Content starts

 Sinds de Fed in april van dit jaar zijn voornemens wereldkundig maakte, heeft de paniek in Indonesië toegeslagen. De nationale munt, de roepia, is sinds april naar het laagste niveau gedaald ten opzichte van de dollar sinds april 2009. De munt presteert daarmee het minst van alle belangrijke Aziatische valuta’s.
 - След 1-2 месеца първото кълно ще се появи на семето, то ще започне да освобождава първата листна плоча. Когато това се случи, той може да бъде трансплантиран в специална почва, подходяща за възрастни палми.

Content ends
Content starts

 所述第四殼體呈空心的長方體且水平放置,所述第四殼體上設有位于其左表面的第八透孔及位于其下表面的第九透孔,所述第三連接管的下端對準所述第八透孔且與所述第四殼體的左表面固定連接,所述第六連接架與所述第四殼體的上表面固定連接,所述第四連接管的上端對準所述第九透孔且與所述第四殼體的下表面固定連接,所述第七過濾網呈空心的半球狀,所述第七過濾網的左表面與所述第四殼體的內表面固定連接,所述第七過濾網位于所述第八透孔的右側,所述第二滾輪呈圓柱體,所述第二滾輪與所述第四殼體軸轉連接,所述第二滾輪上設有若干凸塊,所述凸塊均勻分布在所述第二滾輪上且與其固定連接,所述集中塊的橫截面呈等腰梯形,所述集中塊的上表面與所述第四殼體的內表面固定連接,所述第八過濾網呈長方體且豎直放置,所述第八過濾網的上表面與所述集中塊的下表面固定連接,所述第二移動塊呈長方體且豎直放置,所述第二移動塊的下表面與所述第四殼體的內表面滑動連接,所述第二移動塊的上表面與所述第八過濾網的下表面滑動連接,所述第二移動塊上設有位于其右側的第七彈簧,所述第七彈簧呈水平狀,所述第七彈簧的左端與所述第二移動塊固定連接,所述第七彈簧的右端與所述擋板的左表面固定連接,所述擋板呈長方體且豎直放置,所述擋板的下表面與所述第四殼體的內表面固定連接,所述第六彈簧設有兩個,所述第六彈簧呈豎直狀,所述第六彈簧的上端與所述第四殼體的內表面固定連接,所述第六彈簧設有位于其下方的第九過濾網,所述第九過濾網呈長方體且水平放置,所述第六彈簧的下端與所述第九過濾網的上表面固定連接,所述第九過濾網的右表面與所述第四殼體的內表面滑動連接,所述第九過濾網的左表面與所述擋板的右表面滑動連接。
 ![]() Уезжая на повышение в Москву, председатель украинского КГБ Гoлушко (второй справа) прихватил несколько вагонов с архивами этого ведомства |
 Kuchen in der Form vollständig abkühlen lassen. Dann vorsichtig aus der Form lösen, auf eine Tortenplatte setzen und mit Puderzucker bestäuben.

Content ends
Content starts

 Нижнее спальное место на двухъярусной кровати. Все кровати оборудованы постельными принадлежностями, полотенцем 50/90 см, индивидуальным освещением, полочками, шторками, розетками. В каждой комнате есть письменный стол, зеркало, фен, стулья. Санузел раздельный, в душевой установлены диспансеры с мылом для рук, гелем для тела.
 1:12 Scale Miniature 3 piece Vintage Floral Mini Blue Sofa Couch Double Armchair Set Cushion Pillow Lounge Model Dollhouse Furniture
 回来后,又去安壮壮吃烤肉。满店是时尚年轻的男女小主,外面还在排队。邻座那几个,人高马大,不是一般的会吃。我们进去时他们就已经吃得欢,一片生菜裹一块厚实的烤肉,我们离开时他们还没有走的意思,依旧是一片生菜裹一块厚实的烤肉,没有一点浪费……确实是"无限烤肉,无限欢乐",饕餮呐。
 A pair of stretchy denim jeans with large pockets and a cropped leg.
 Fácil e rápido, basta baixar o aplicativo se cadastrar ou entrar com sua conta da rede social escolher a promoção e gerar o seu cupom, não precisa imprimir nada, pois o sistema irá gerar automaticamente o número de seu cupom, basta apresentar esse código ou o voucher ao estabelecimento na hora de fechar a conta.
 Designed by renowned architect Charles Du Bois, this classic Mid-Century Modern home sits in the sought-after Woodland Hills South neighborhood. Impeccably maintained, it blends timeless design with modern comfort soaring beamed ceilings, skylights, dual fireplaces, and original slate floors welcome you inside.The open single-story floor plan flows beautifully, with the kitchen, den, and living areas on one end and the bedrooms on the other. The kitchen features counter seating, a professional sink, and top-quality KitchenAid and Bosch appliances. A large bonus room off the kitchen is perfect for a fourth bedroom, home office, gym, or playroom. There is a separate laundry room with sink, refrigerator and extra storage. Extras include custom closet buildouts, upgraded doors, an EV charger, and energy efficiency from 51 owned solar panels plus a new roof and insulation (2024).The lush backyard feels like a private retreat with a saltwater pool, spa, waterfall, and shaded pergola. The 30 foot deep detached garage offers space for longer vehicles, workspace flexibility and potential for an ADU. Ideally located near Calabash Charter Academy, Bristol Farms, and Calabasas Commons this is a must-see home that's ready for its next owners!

Content ends

_WORK ITEM_: Transcribe the records above exactly, beginning at the line that contains "回来后,又去安壮壮吃烤肉。满" and ending with the line that contains "Fácil e rápido, basta", both included, and nothing else.

_RESULT_:
 回来后,又去安壮壮吃烤肉。满店是时尚年轻的男女小主,外面还在排队。邻座那几个,人高马大,不是一般的会吃。我们进去时他们就已经吃得欢,一片生菜裹一块厚实的烤肉,我们离开时他们还没有走的意思,依旧是一片生菜裹一块厚实的烤肉,没有一点浪费……确实是"无限烤肉,无限欢乐",饕餮呐。
 A pair of stretchy denim jeans with large pockets and a cropped leg.
 Fácil e rápido, basta baixar o aplicativo se cadastrar ou entrar com sua conta da rede social escolher a promoção e gerar o seu cupom, não precisa imprimir nada, pois o sistema irá gerar automaticamente o número de seu cupom, basta apresentar esse código ou o voucher ao estabelecimento na hora de fechar a conta.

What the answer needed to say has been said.